Stanislav Loska

Personal information
- Born: 21 June 1968 (age 58) Ostrava, Czech Republic

Sport
- Sport: Para alpine skiing
- Disability class: LW6/8

Medal record
Paralympic Games
| Bronze medal – third place | 1994 Lillehammer | Slalom LW6/8 |

= Stanislav Loska =

Czech alpine skier (born 1968)

Stanislav Loska (/cs/; born 21 June 1968) is a veteran on the Czech paralympic team, competing in alpine skiing. The 2010 Winter Paralympics in Vancouver were his fifth Paralympic Games. At the 1994 Winter Paralympics in Lillehammer he won the bronze medal in slalom. He won the same medal in the world championship in Lech in Austria. At the 1998 Winter Paralympics in Nagano he placed fourth and fifth. In the world championships in Anzère he won the bronze medal in the slalom and an invitation to the 2002 Winter Paralympic Games in Salt Lake City.

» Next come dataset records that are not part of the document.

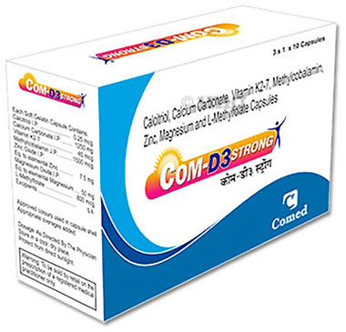 Com D3 Plus Capsule is a bone health supplement formulated with calcium and calcitriol which can help increase bone and teeth strength, improve calcium absorption, and enhance immune function. The ingredients work together to support bone health and improves overall wellness.
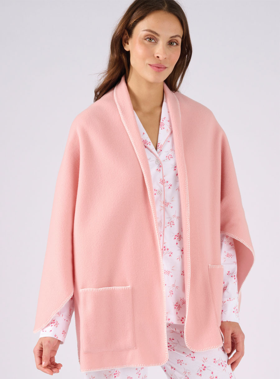 Thermolactyl fleece cape with a cosy shawl cut, stylish contrast stitching, 2 pockets and all-around warmth and comfort. Polyester.
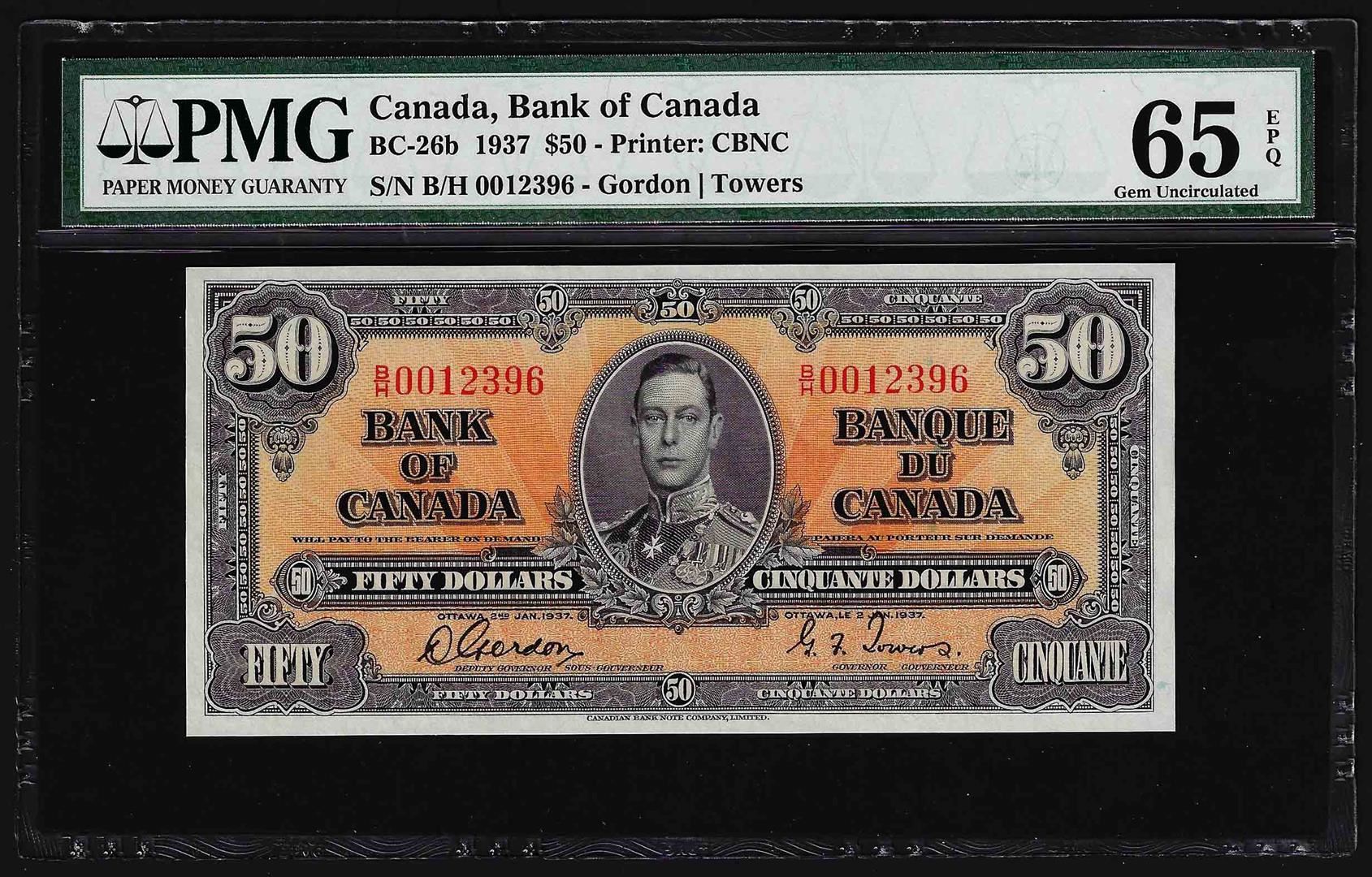 One 1937 $50 Bank of Canada Note PMG Gem Uncirculated 65EPQ. PMG Certified.
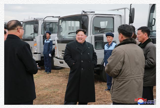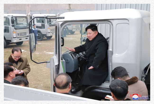 チュチェ106(2017)年11月のある日、金正恩委員長は当時のスンリ自動車連合企業所を訪れました。金正恩委員長は、広々としたパークいっぱいに並んでいるトラックを見て、労働者たちが自力で意気込んで作り出したチュチェ朝鮮のトラックだと喜びました。そして、トラックに乗って、直接運転しながら、性能や技術的特性について確かめました。
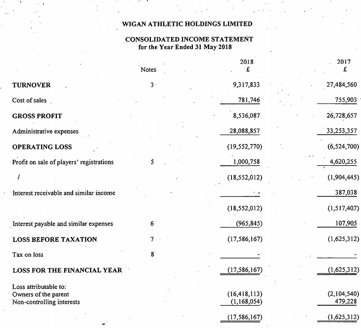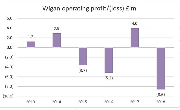 «Уиган» терпел убыток в 150 000 фунтов в неделю в сезоне 2017/18.
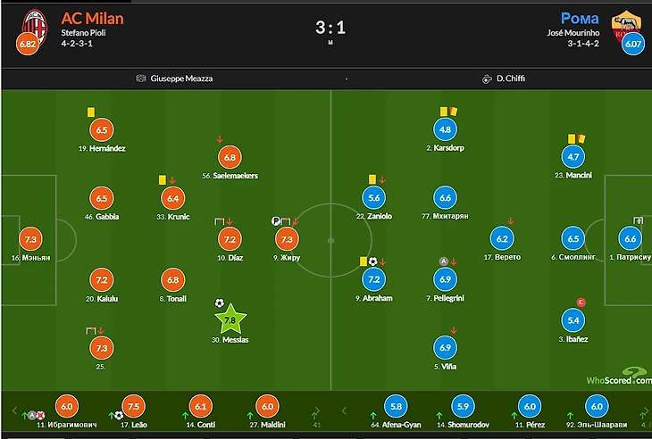 На 67 минуте на левом фланге классную перепасовку устроили игроки Милана, и после навеса Жиру! Диасу чутка не хватило точности для попадания в дальний угол. Чуть позже, спустя 20 секунд, Мессиас пробил чуть выше ворот. Замены Пиоли сработали!
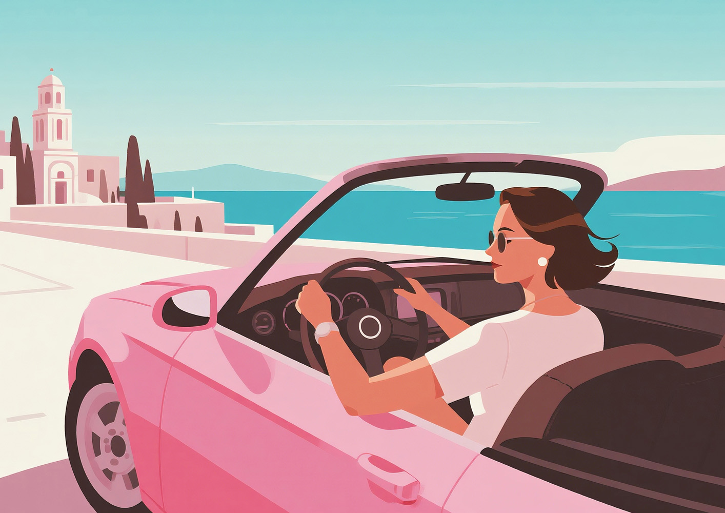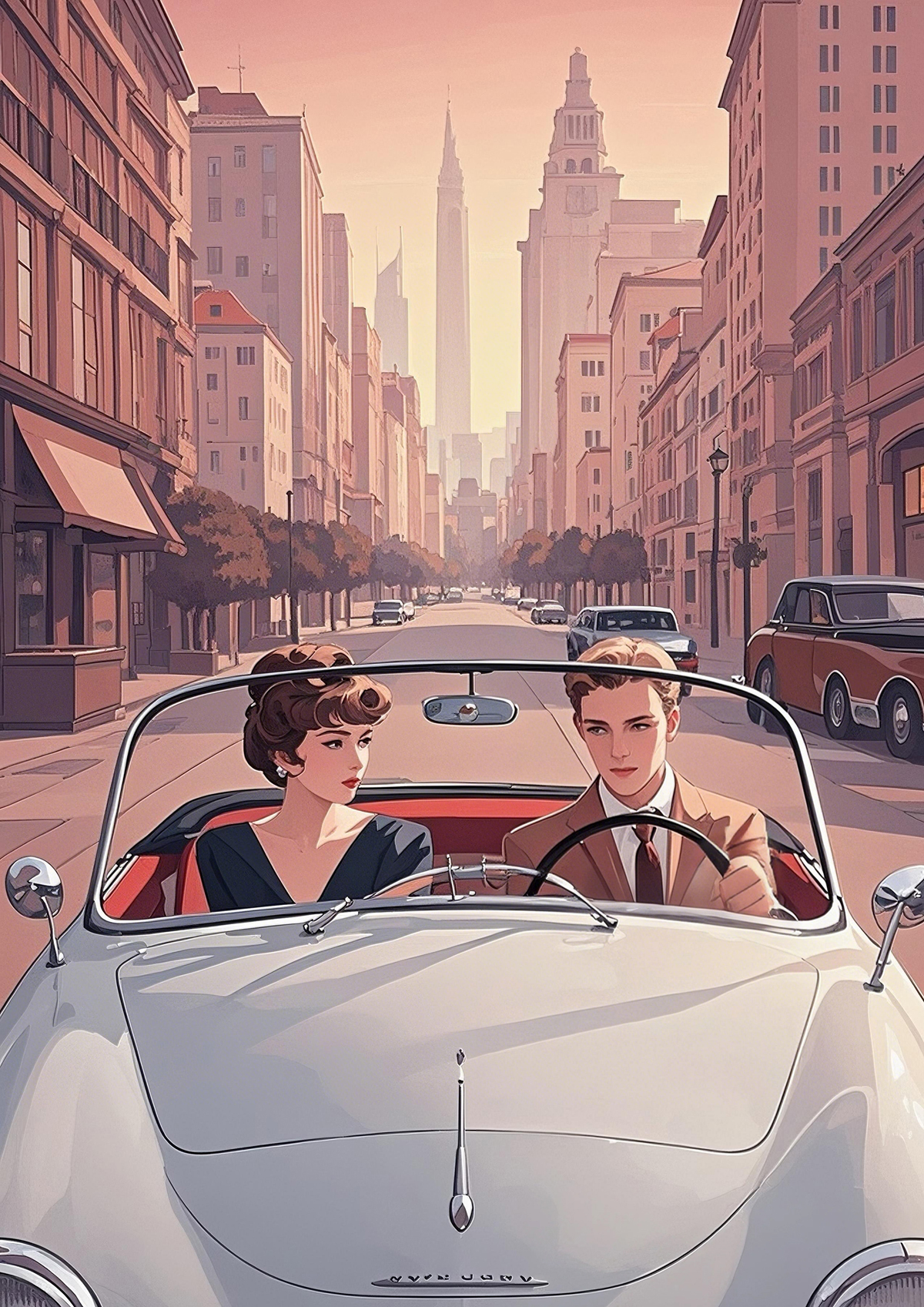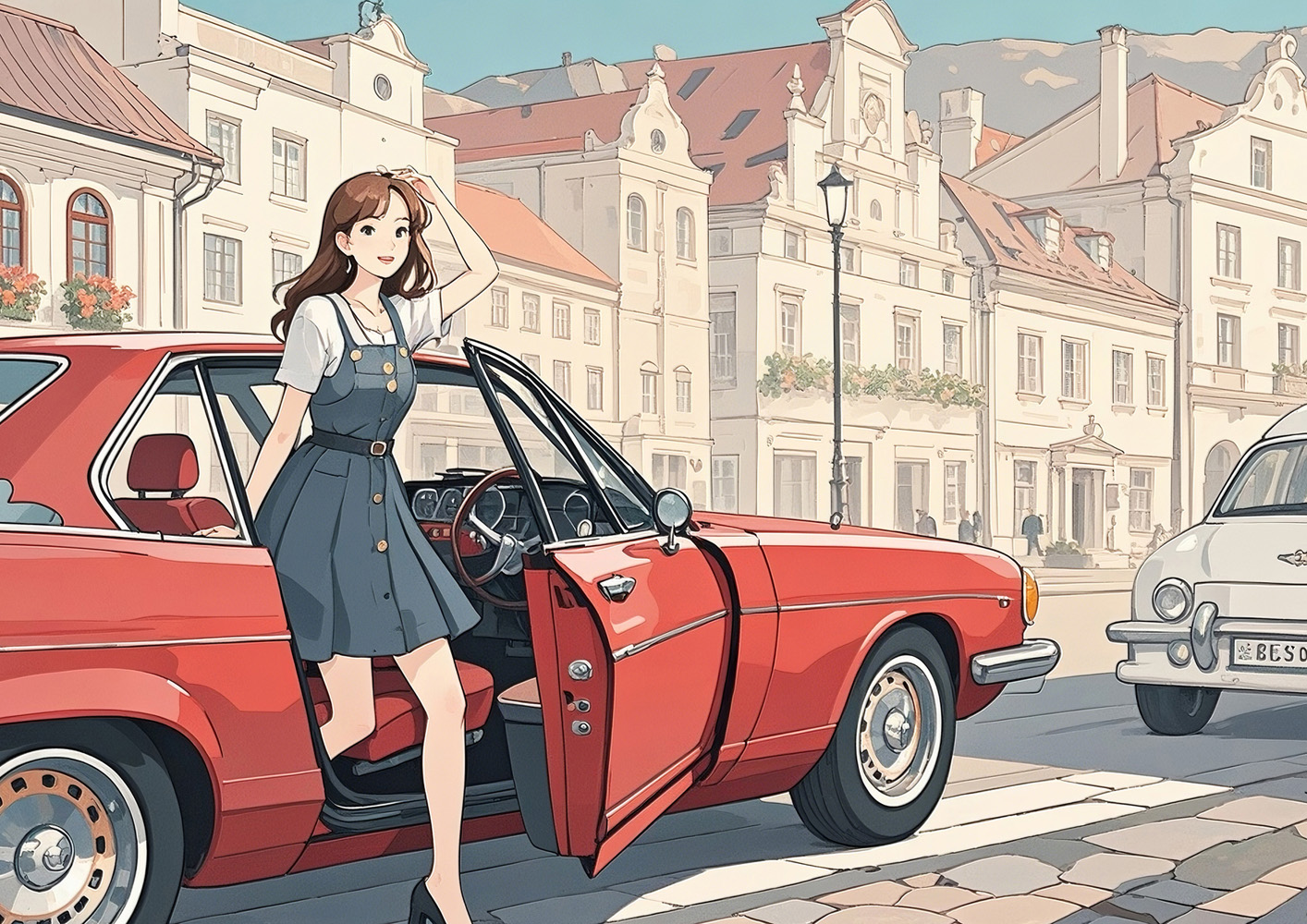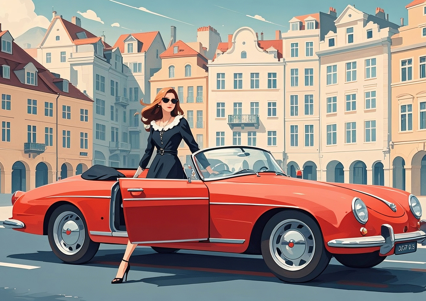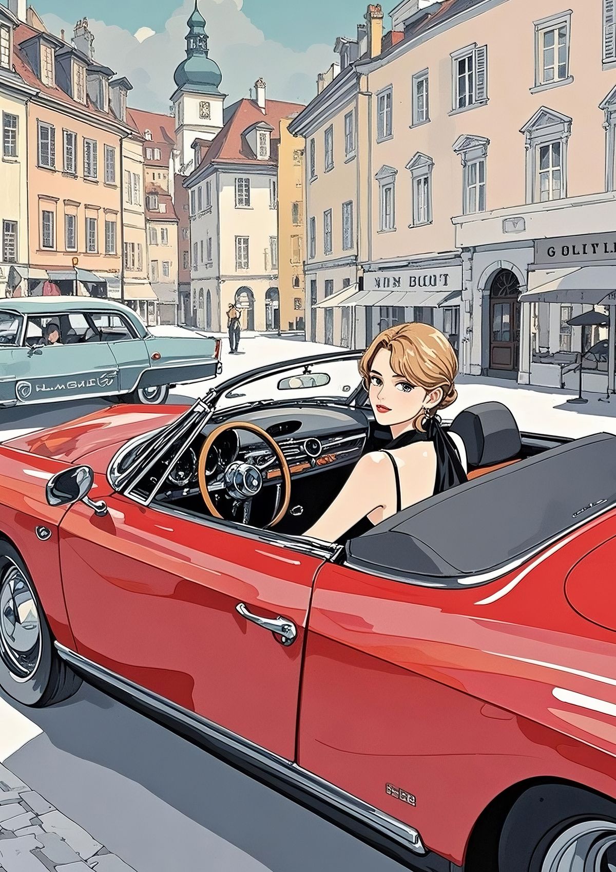 (画像をクリックすると全体表示になります)赤い車と自然体の女性が織りなす穏やかな日常を、柔らかな線と抑えた色調で優しく描き出しました。穏やかな午後にふと立ち止まるような、日常の中の美しい瞬間を描いた1枚です。やさしい色使いとナチュラルな構図...

Stanislav Loska was born in Ostrava. He learned to ski as soon as he could stand. His coming ski career broke an accident in 1988. He studied in Brno the Faculty of Civil Engineering of the Brno University of Technology. He used to come back home by train through Přerov, where he had to wait until the locomotive was changed. One day it was changed earlier and Loska almost missed the train. He tried to jump into the accelerating train, but he fell under it and lost his left arm.